One way
Relations
|
|
Consider some instances of what we'll first call
hard problems.
Consider a graph H isomorphic to a given graph g.
- Creating a new graph H isomorphic to a given graph G is easy.
- Given two graphs G and H it is a VERY hard problem
to find an ismorphism between them.
- Given a proposed isomorphism, it is easy to check that is IS an isomorphism.
Consider for example
the following pairs of graphs (In which not just
names but also the layout has been changed):
Graph A |
Graph B |
The desired isomorphism is:
| Graph A | Graph B |
| 0 | 0 |
| 1 | 3 |
| 2 | 1 |
| 3 | 2 |
| 4 | 5 |
| 5 | 4 |
To check this solution in the A to B direction,
we relabel the transition table for B with the names from A
and make sure
it is the same transition table as A's, and
similarly in the B to A direction.
It will be helpful to have TWO examples
of hard graph problems.
Consider the problem of finding a Hamiltonian cicuit.

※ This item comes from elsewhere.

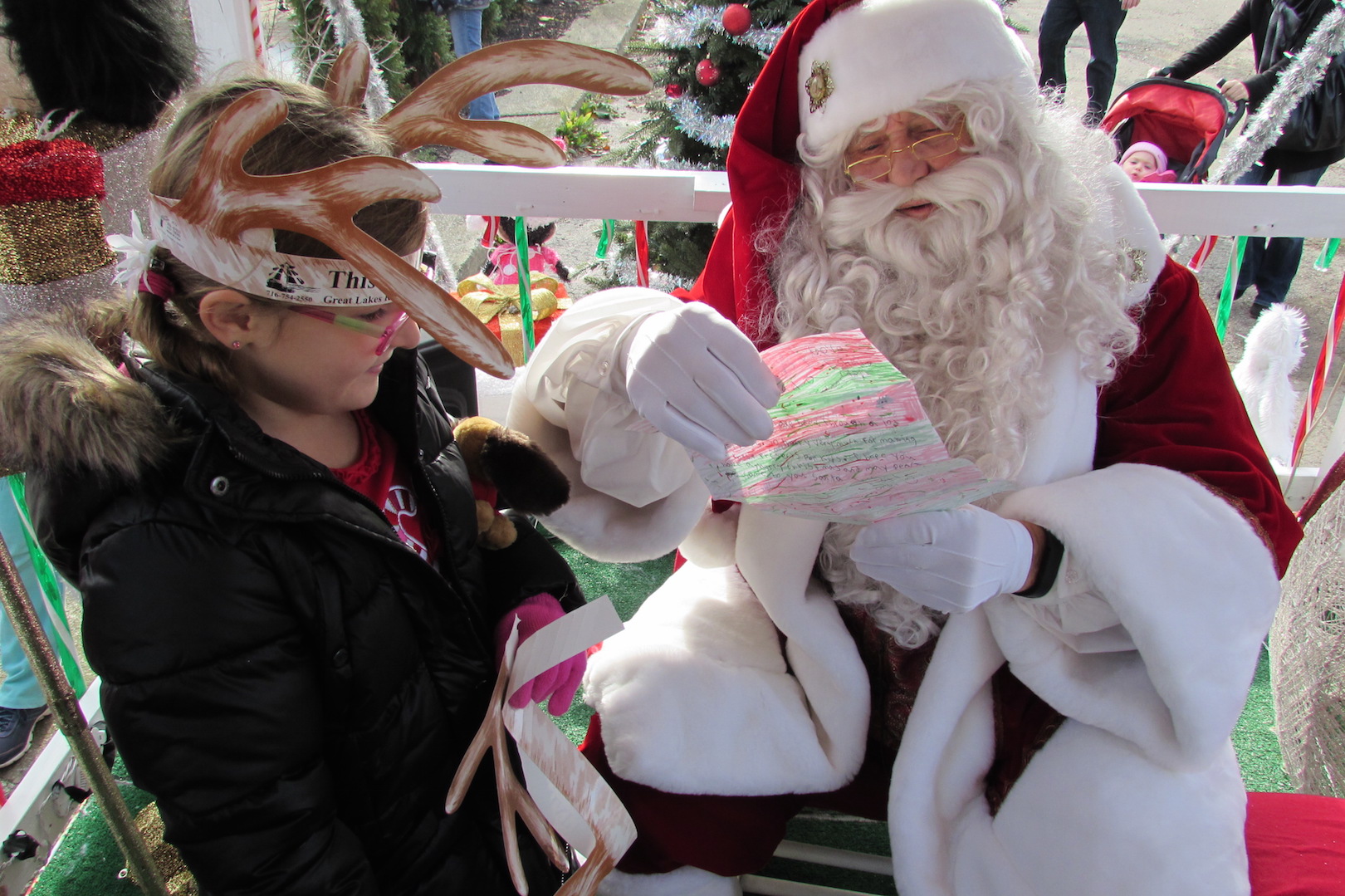 The event kicked off with Santa flying into Academy Park courtesy of a Rainbow Air helicopter. After greeting a couple hundred spectators, he boarded his specially designed Deal Realty float. Then, Santa (and friends) paraded down Center Street to the Lewiston Peace Garden, where he sat and listened as children read their Christmas wish lists to him.

A
Hamiltonian path through a graph is a path
that visits each vertex exactly once. If the path
can be extended by one to end up at the same vertex
it started at, we have not just a Hamiltonian
path, but a Hamiltonian circuit:
-
Just as with the problem of isomorphism,
it is easy to verify that a Hamiltonian
circuit is in fact a Hamiltonian circuit
if given one, but it is very hard to find
one (and not every graph has one).
Both graph problems have another
important feature. It is easy to
generate instances of the problem.
You can generate an instance of a graph
with a Hamiltonian cycle simply by defining
transitions between consecutively created nodes.
You can generate an instance of two graphs with
an isomorphism simply by creating an arbitrary
graph and then an arbitrary relabeling
of its nodes.
So one of these problems have 3 features:
- It is hard too solve (computationally impractical).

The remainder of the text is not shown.